UNEP Zero Plastics Treaty: focus on EPR
In June, the Intergovernmental Negotiating Committee (INC) was tasked with preparing a Zero Draft on an international, legally binding instrument on plastic pollution, including the marine environment.
In June, the Intergovernmental Negotiating Committee (INC) was tasked with preparing a Zero Draft on an international, legally binding instrument on plastic pollution, including the marine environment. On 4 September, the INC published the draft ahead of the third United Nations Environment Programme (UNEP) session scheduled for 13 to 19 November in Nairobi, Kenya.
To fulfill the goals of the treaty, the Zero Draft explicitly asks signatory States to establish and operate extended producer responsibility (EPR) systems.
The Zero Draft aims to end plastic pollution and protect human health and the environment. To succeed with this goal, a full lifecycle approach is applied. A focus is put on harmful chemicals (see article here) and the hardest-to-recycle plastics that should be phased out more rapidly.

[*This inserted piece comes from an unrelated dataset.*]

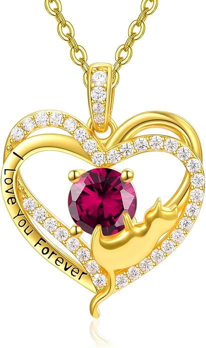 - 【Black Cat Necklace】The cute black cat embraces the ruby jewelry, symbolizing love and companionship; The edge is also engraved with 'Forever Love You', symbolizing love and commitment. A romantic birthstone necklace gift that is perfect for wives, girlfriends, mothers, grandmothers, daughters, and more.

Furthermore, the draft proposes that signatory States should not allow the production, sale, distribution, import or export of certain short-lived and single-use plastic products.
Like the Paris Agreement, the treaty does not include time-bound or numerical targets but proposes that each signatory Party develops and implements a national plan for its contribution to the treaty, including publicly available progress reports.
The development of the Zero Draft was supported by various stakeholders, such as the Business Coalition for a Global Plastics Treaty, which Landbell Group joined earlier this year and which calls for an ambitious and effective global treaty to end plastic pollution (see previous article here).
Following the discussion in November, the final version of the Treaty is expected to be ratified in 2024.